++++ Exercise input ++++

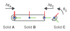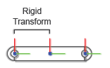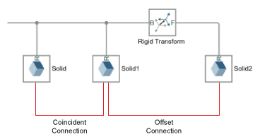 Соединения между портами кадров определяют пространственные отношения между их кадрами. Прямая линия соединения кадров делает соединенные кадры совпадающими в пространстве. Блок жесткого преобразования задает вращательное и поступательное смещения между кадрами. На рисунке показаны примеры совпадающих и смещенных соединений кадров.
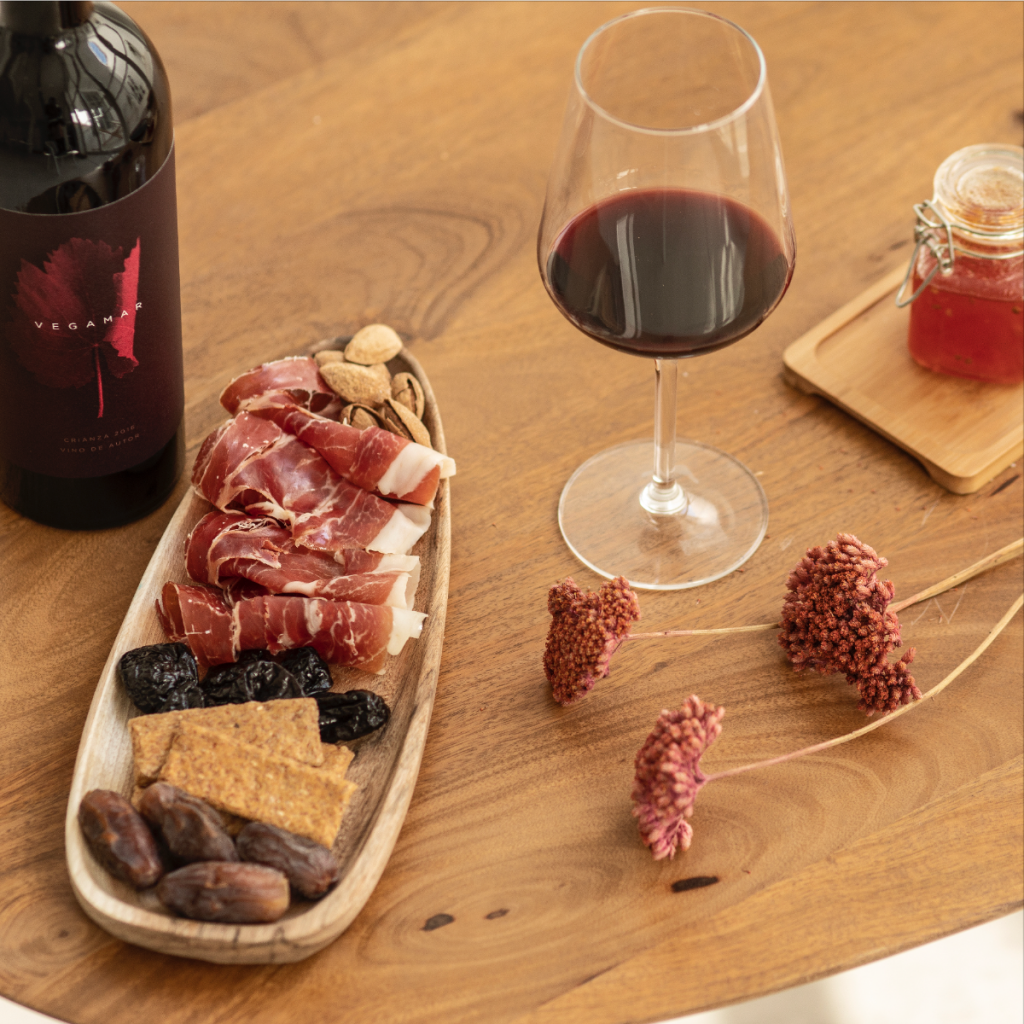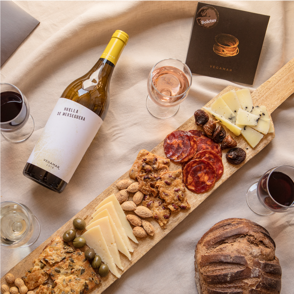Otra opción, son las catas mari­da­das pro­duc­tos gour­met Vega­mar Heren­cia del mar y de la tie­rra. Para los aman­tes del mar, sería una cata de blan­cos y espu­mo­sos mari­da­do con las con­ser­vas del mar como la ven­tres­ca o las zam­bu­ri­ñas. Y de la tie­rra, mari­da­je de ibé­ri­cos Vega­mar. El blan­co Hue­lla de Mer­se­gue­ra con que­so ibé­ri­co Vega­mar, el Hue­lla de Syrah con jamón ibé­ri­co Vega­mar y el Crian­za de Autor con lomo ibé­ri­co Vega­mar.
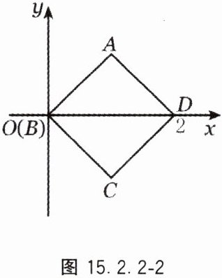 7. 如图15.2.2 - 2,在平面直角坐标系中,正方形$ABCD的顶点B$,$D的坐标分别为B(0,0)$,$D(2,0)$,且$A$,$C两点关于x$轴对称,则点$C$的坐标为
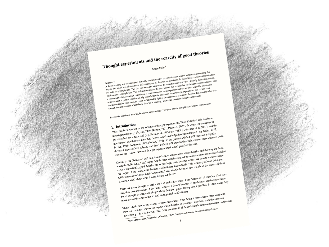 Under avdelningen Tankeexperiment i Svenska Fysikersamfundets tidskrift Fysikaktuellt har jag i en serie nummer skrivit om olika tankeexperiment hämtade från fysiken.
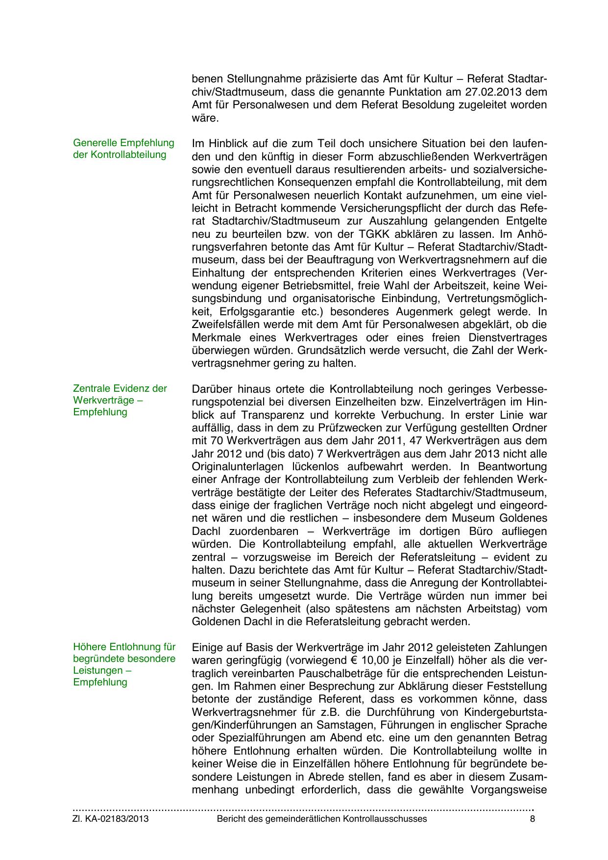neu zu beurteilen bzw. von der TGKK abklären zu lassen. Im Anhörungsverfahren betonte das Amt für Kultur – Referat Stadtarchiv/Stadtmuseum, dass bei der Beauftragung von Werkvertragsnehmern auf die

++++

§ About this exercise
Only the text is to be copied: please reproduce the records exactly and drop the pictures.

§ Result for this task
 Соединения между портами кадров определяют пространственные отношения между их кадрами. Прямая линия соединения кадров делает соединенные кадры совпадающими в пространстве. Блок жесткого преобразования задает вращательное и поступательное смещения между кадрами. На рисунке показаны примеры совпадающих и смещенных соединений кадров.
Otra opción, son las catas mari­da­das pro­duc­tos gour­met Vega­mar Heren­cia del mar y de la tie­rra. Para los aman­tes del mar, sería una cata de blan­cos y espu­mo­sos mari­da­do con las con­ser­vas del mar como la ven­tres­ca o las zam­bu­ri­ñas. Y de la tie­rra, mari­da­je de ibé­ri­cos Vega­mar. El blan­co Hue­lla de Mer­se­gue­ra con que­so ibé­ri­co Vega­mar, el Hue­lla de Syrah con jamón ibé­ri­co Vega­mar y el Crian­za de Autor con lomo ibé­ri­co Vega­mar.
 7. 如图15.2.2 - 2,在平面直角坐标系中,正方形$ABCD的顶点B$,$D的坐标分别为B(0,0)$,$D(2,0)$,且$A$,$C两点关于x$轴对称,则点$C$的坐标为
 Under avdelningen Tankeexperiment i Svenska Fysikersamfundets tidskrift Fysikaktuellt har jag i en serie nummer skrivit om olika tankeexperiment hämtade från fysiken.
neu zu beurteilen bzw. von der TGKK abklären zu lassen. Im Anhörungsverfahren betonte das Amt für Kultur – Referat Stadtarchiv/Stadtmuseum, dass bei der Beauftragung von Werkvertragsnehmern auf die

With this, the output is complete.